É um show de variedades, neste sentido pode-se dizer que lembra
até os velhos filmes da Atlântida, uma sequência
de números musicais. Só que ao contrário destes,
se volta para a criança. E que hoje esta seja antes de mais nada
um consumidor é muito triste.
O oposto exato disso tudo está
no Castelo Rá-Tim-Bum. O filme de Cao Hamburguer se opõe
a esta objetificação da criança em todos os seus
aspectos. Ele vem de uma noção de televisão por
si só diferente, nas chamadas televisões educativas. Por
isso mesmo tem preocupações outras que não a venda.
E, mesmo sendo baseada num programa de TV consagrado, quer pensar um
formato que seja específico do cinema, e aí a diferença
em relação ao Xuxa Requebra é completa.
Não se repete um formato televisivo, mas sim uma concepção
de lidar com o público infantil. No entanto se compreende o fenômeno
do cinema como algo diverso da televisão, e se investe nisso.
Não por acaso os personagens do Castelo não têm
televisão em casa...
Por isso, o Castelo tem uma
direção de arte gigantesca e fantasiosa que cria seu próprio
mundo. Traz idéias do programa de TV, mas as desenvolve de forma
diferente e mais específica da utilização do cinema.
Usa a câmera do cinema, os elementos da linguagem, os movimentos,
o foco, os efeitos visuais, sabendo que ao fazê-lo não
se está lidando com valores que a criança não perceba.
Embora a criança não saiba o que é uma passagem
de foco, ela sofre os efeitos de percepção que cada um
destes expedientes cria. Porque eles pedem e criam uma impressão
especificamente ligada ao sonho, a imaginação, ao cinema.
O cinema sempre esteve ligado a estas áreas da mente infantil.
Portanto o Castelo pede esta imersão das crianças,
enquanto Xuxa fala de dispersão, o signo da TV. Castelo
tem uma trilha grandiosa, que ao invés de vender canções,
quer fazer com que a criança embarque com mais profundidade na
viagem.
Não por acaso o filme começa
com uma tela preta, em cima da qual ouvimos: "Meu nome é Nino,
e vou contar uma história...". O clássico formato do conto
de fadas, que já começa a incitar a fantasia infantil.
Nino assume o papel de personagem e de contador de história,
portanto.
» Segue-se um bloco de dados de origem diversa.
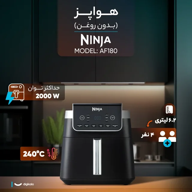 هواپز نینجا مدل AF180 با ظرفیت 6.2 لیتر، مناسب برای تهیه غذاهای سالم و کمچرب است. فناوری پیشرفته هواپز این محصول، امکان پخت سریع و یکنواخت را فراهم کرده و طراحی کاربرپسند آن استفاده آسان را تضمین میکند. گزینهای عالی برای آشپزی روزانه.

E a história é o que importa em Castelo.
Ao invés de se dispersarem, as crianças sonham e mergulham
naquele mundo proposto. Não por acaso, como veremos mais adiante,
é um filme muito ligado a literatura, ao ato de contar estórias
que sempre esteve profundamente ligado ao universo infantil. Enquanto
Xuxa renega isso tudo em busca da objetividade rápida
da TV, Castelo radicaliza a opção. Fala de seres
fantásticos (bruxos), de um mundo imaginário, de uma aventura.
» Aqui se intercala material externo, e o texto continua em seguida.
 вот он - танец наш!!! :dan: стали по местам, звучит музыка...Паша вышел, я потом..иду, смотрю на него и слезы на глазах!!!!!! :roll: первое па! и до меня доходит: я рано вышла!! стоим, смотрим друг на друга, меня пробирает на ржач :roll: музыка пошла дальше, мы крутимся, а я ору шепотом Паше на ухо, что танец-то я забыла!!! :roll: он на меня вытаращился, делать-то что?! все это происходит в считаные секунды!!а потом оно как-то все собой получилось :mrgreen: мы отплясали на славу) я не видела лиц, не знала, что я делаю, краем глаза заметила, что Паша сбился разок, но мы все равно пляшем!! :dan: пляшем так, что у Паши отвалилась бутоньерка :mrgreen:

Através de elementos como os figurinos, ou a estudada iluminação
que joga constantemente entre o claro e o escuro, e que usa muito as
luzes de baixo para cima nos rostos dos personagens, o que os dá
uma presença quase mágica, o filme busca sempre estimular
a criança a ampliar aquele sonho, a sonhar por si mesmo, a criar
suas histórias.
Os personagens são burilados
e têm vida própria. As cenas são decupadas com uma
sofisticação digna do melhor cinema que se faz no mundo.
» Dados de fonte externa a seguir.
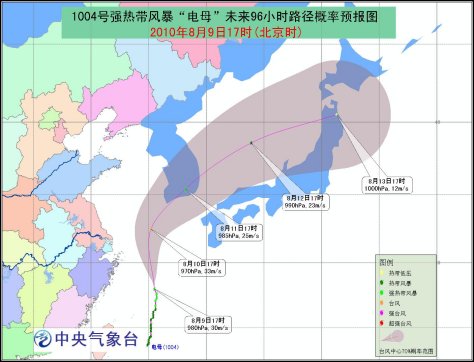 中新網(wǎng)8月9日電 據(jù)中央氣象臺預報稱,中央氣象臺8月9日18時發(fā)布臺風黃色預警:今年第4號熱帶風暴 “電母”(DIANMU,名字來源:中國,名字意義:神話中的雷電之神)于8日晚在臺灣以東洋面上生成,9日下午加強為強熱帶風暴。9日17時其中心位于浙江省舟山市東南方大約390公里的東海海面上,就是北緯28.0度,東經(jīng)125.5度,中心附近最大風力有11級(30米/秒),中心最低氣壓為980百帕。

Cenas como o momento em que a vilã Losângela retoma seus
poderes, ou o encontro entre esta e Morgana, a bruxa boa, ou ainda a
derrota final da vilã, são filmadas de forma vibrante,
assustadora, mágica, significativa. É um desrespeito achar
que a criança, mesmo que intuitivamente, não perceba a
diferença.
Quando o filme faz referências
a situações políticas, ou a brigas familiares que
os mais baixinhos podem não perceber, fica claro que ele se dirige
também a pais e jovens com mais idade. No filme de Xuxa
o pai só pode se divertir porque se supõe que o seu QI
se iguale ao do filme proposto, e que portanto ele goste de ver aquelas
mulheres sinuosas e artistas de terceira. Não se permite sequer
aos pais a possibilidade de querer sonhar junto com suas crianças.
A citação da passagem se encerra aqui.